--- What you need to do ---
Leave out the pictures and restate the rest of the data exactly.

--- Data for this exercise ---
○ ○ ○ ○
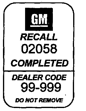 11. Install the GM Recall Identification Label.
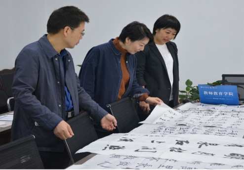 为落实教务处“关于举办JINNIAN金年会2023年师范生三笔字比赛”的通知要求,深入贯彻落实党的二十大精神,传承和弘扬中华优秀传统文化,充分展现当代大学生积极向上的精神风貌,2023年10月27日,金年会在博文楼206A会议室举办师范生三笔字大赛,党委书记王燮辞、党委副书记王文娟、副院长赵栅凌、教学科研办公室主任彭静、专职辅导员杨文明以及教学秘书李思颖担任本次大赛评委。
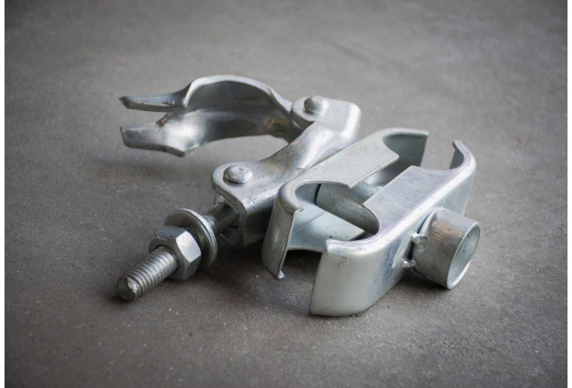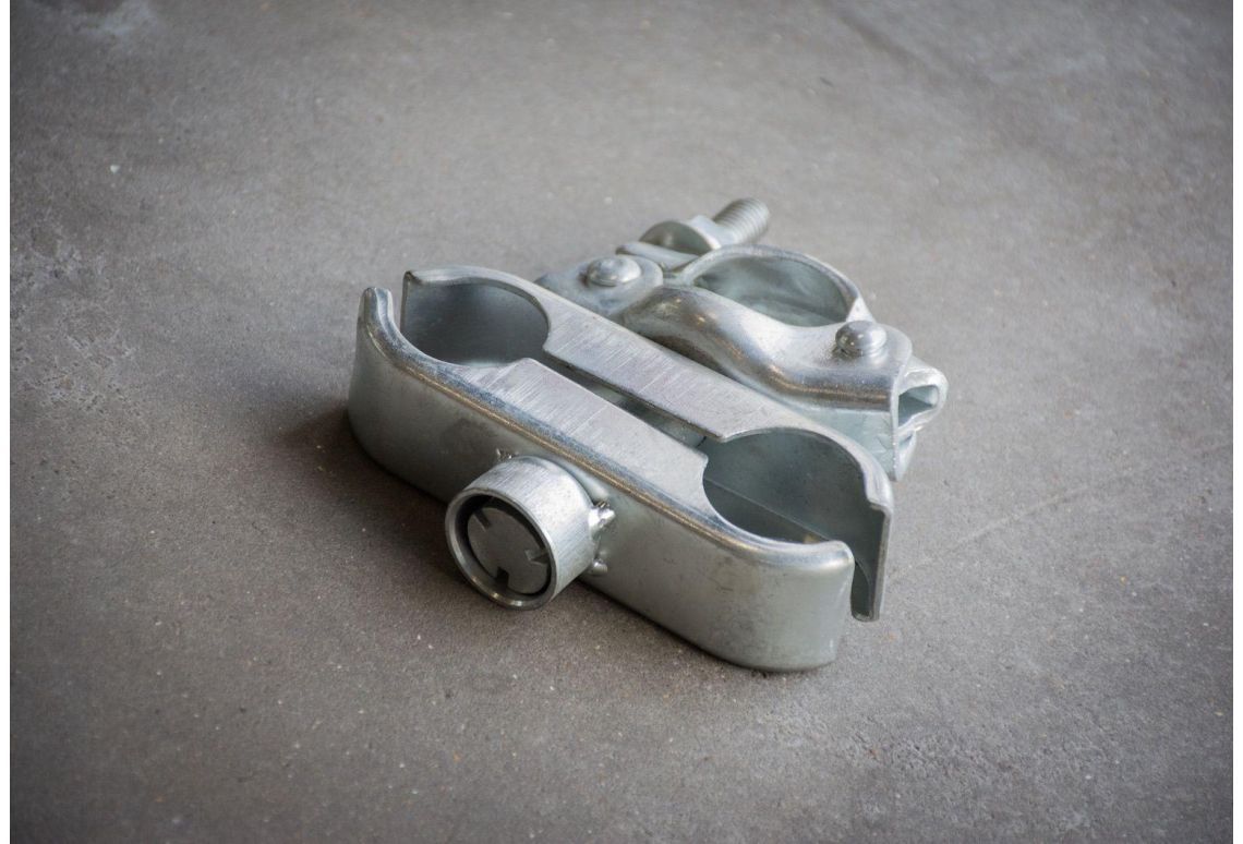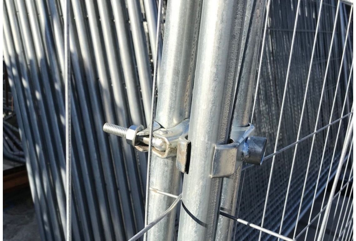 De voorste bouwhekklem is een vaste sluiting waarmee je bouwhekken kunt koppelen. De achterste sluiting is geschikt voor meerdere type buizen omdat de diameter verstelbaar en draaibaar is. Hierdoor kun je de achterste sluiting ook prima gebruiken om ander hekwerk te koppelen aan je bouwhekken.
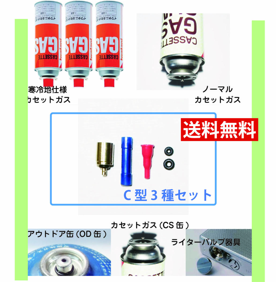 カセットガス(CB缶)アダプターC型3種フルセット
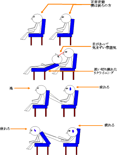 それは、ポカラからカトマンズに行くバスの中での出来事。このバスは壱の バスと違い観光客を相手にしているバスらしく、ネパールにしてはとても奇麗でした。 ポカラからカトマンズまで8時間ほど。これは快適な時間が過ごせそうだ と思った僕が甘かったのです。出発してから10分ほどして前のおっちゃんが おっちゃん:「リクライニングを倒していい?」 と聞くので ぼく:「いいよ」 と答えました。これが過酷な8時間への号砲となってしまいました。 その訳を下の絵に描いて見ました。 ![]() 説明すると、 @では何て事はないバス内の風景だったのですが、 おっちゃんがイスを倒した瞬間、バコンと音がしました。 A次の瞬間おっちゃんの顔が僕の顔の前にあり 二人は何ともいえない空気の中しばしガンをくれあったのでした。 リクライニングが壊れたのであります。 最初は気まずそうな顔をしていたおっちゃんでした がその内当たり前のように寝だしたのでむかついてきたので B足で前のイスを持ち上げてやりました。するとおっちゃんは イスが直ったと勘違いして容赦なく全体重をかけてきたのです。 Cそれならと僕は足を全開に伸ばしました、するとイスがまた壊れ 倒れるはずのない前のほうにも倒れたのです。 こうした無益且無意味な攻防を8時間も続けた末に僕は全身の筋肉が固まり、 かなりの疲労感を覚え次の日、案の定、筋肉痛に悩まされたのでした。 このような場合意地を張らずに寝てしまうのが一番だと思ったのは、 2日後の早朝、モモ裏がつった時でした。 |
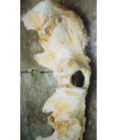 - Parte dos ósos da cabeza dun cetáceo, apréciase que pode ser parte das aletas dunha balea.
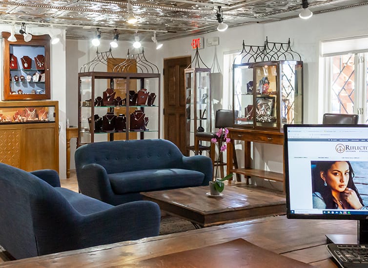 Call us at 888-733-5238, email info@reflectivejewelry.com, or stop by 912 Baca Street in Santa Fe during our business hours.
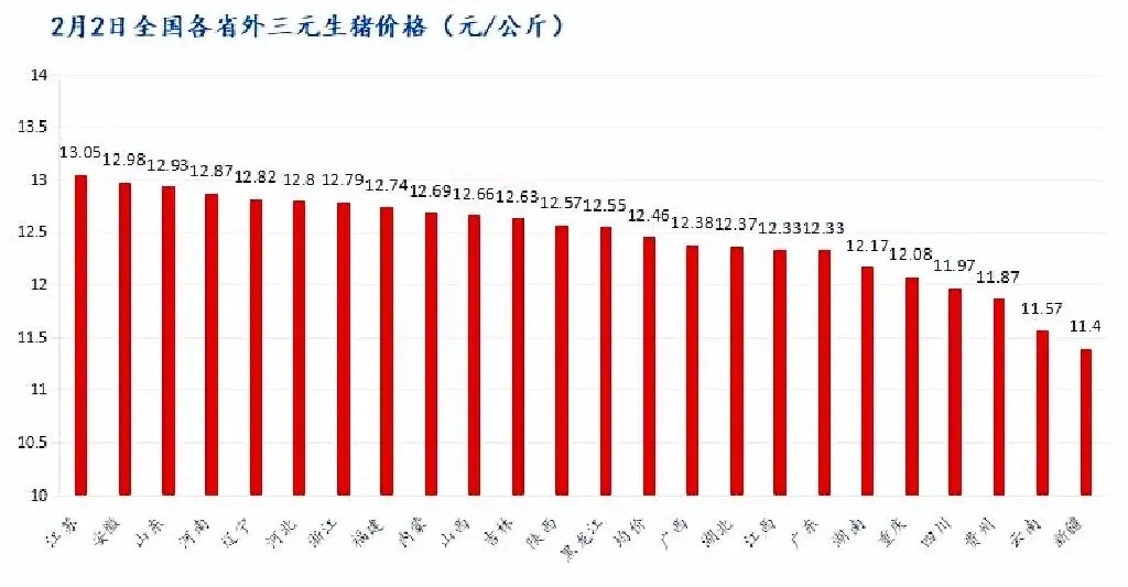 2月2日全国全国外三元生猪出栏均价为12.46元/公斤,较昨日上涨0.20元/公斤,最低价新疆11.40元/公斤,最高价江苏13.05元/公斤。
○ ○ ○ ○
--- Answer to the problem ---
 11. Install the GM Recall Identification Label.
 为落实教务处“关于举办JINNIAN金年会2023年师范生三笔字比赛”的通知要求,深入贯彻落实党的二十大精神,传承和弘扬中华优秀传统文化,充分展现当代大学生积极向上的精神风貌,2023年10月27日,金年会在博文楼206A会议室举办师范生三笔字大赛,党委书记王燮辞、党委副书记王文娟、副院长赵栅凌、教学科研办公室主任彭静、专职辅导员杨文明以及教学秘书李思颖担任本次大赛评委。
 De voorste bouwhekklem is een vaste sluiting waarmee je bouwhekken kunt koppelen. De achterste sluiting is geschikt voor meerdere type buizen omdat de diameter verstelbaar en draaibaar is. Hierdoor kun je de achterste sluiting ook prima gebruiken om ander hekwerk te koppelen aan je bouwhekken.
 カセットガス(CB缶)アダプターC型3種フルセット
 それは、ポカラからカトマンズに行くバスの中での出来事。このバスは壱の バスと違い観光客を相手にしているバスらしく、ネパールにしてはとても奇麗でした。 ポカラからカトマンズまで8時間ほど。これは快適な時間が過ごせそうだ と思った僕が甘かったのです。出発してから10分ほどして前のおっちゃんが おっちゃん:「リクライニングを倒していい?」 と聞くので ぼく:「いいよ」 と答えました。これが過酷な8時間への号砲となってしまいました。 その訳を下の絵に描いて見ました。 ![]() 説明すると、 @では何て事はないバス内の風景だったのですが、 おっちゃんがイスを倒した瞬間、バコンと音がしました。 A次の瞬間おっちゃんの顔が僕の顔の前にあり 二人は何ともいえない空気の中しばしガンをくれあったのでした。 リクライニングが壊れたのであります。 最初は気まずそうな顔をしていたおっちゃんでした がその内当たり前のように寝だしたのでむかついてきたので B足で前のイスを持ち上げてやりました。するとおっちゃんは イスが直ったと勘違いして容赦なく全体重をかけてきたのです。 Cそれならと僕は足を全開に伸ばしました、するとイスがまた壊れ 倒れるはずのない前のほうにも倒れたのです。 こうした無益且無意味な攻防を8時間も続けた末に僕は全身の筋肉が固まり、 かなりの疲労感を覚え次の日、案の定、筋肉痛に悩まされたのでした。 このような場合意地を張らずに寝てしまうのが一番だと思ったのは、 2日後の早朝、モモ裏がつった時でした。 |
 - Parte dos ósos da cabeza dun cetáceo, apréciase que pode ser parte das aletas dunha balea.
 Call us at 888-733-5238, email info@reflectivejewelry.com, or stop by 912 Baca Street in Santa Fe during our business hours.
 2月2日全国全国外三元生猪出栏均价为12.46元/公斤,较昨日上涨0.20元/公斤,最低价新疆11.40元/公斤,最高价江苏13.05元/公斤。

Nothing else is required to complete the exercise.